Entries supplied:
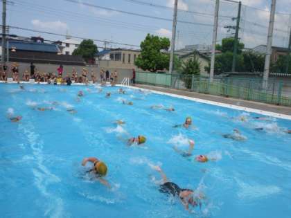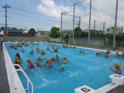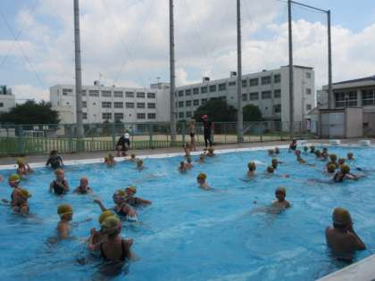 プールに入る前と入った後は、しっかりと水分を取るようにしましょう。是非、水筒を持って来て下さい。明日は、1〜3年生のプール開放をホームページにアップします。
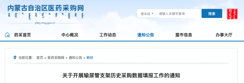 8月8日,內蒙古自治區醫藥采購網發布《關于開展輸尿管支架歷史采購數據填報工作的通知》(以下簡稱《通知》),內蒙古將開展輸尿管支架歷史采購數據填報工作。
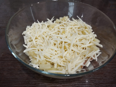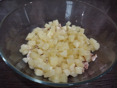 Пока отваривались яйца, порезала кусочки курочки мелкими кубиками,выложила в салатник. Добавила порезанные кубиками ананас и сыр,натертый на крупной тёрке.
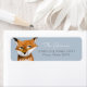 a modern cute woodland christmas holiday label with a hand painted fox on a blue background. Original artwork by Caroline Bonne Müller
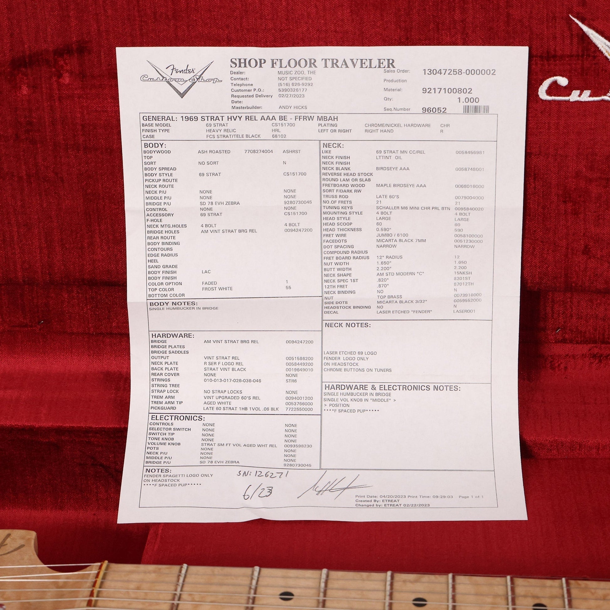 Fender Custom Shop 1969 Stratocaster Masterbuilt Andy Hicks Heavy Relic Frost White 2023

What this task involves: Restate word for word only the lines from the one with "Пока отваривались яйца, порезала" through the last line of the material, both included. Any picture should be left out.

Task result:
 Пока отваривались яйца, порезала кусочки курочки мелкими кубиками,выложила в салатник. Добавила порезанные кубиками ананас и сыр,натертый на крупной тёрке.
 a modern cute woodland christmas holiday label with a hand painted fox on a blue background. Original artwork by Caroline Bonne Müller
 Fender Custom Shop 1969 Stratocaster Masterbuilt Andy Hicks Heavy Relic Frost White 2023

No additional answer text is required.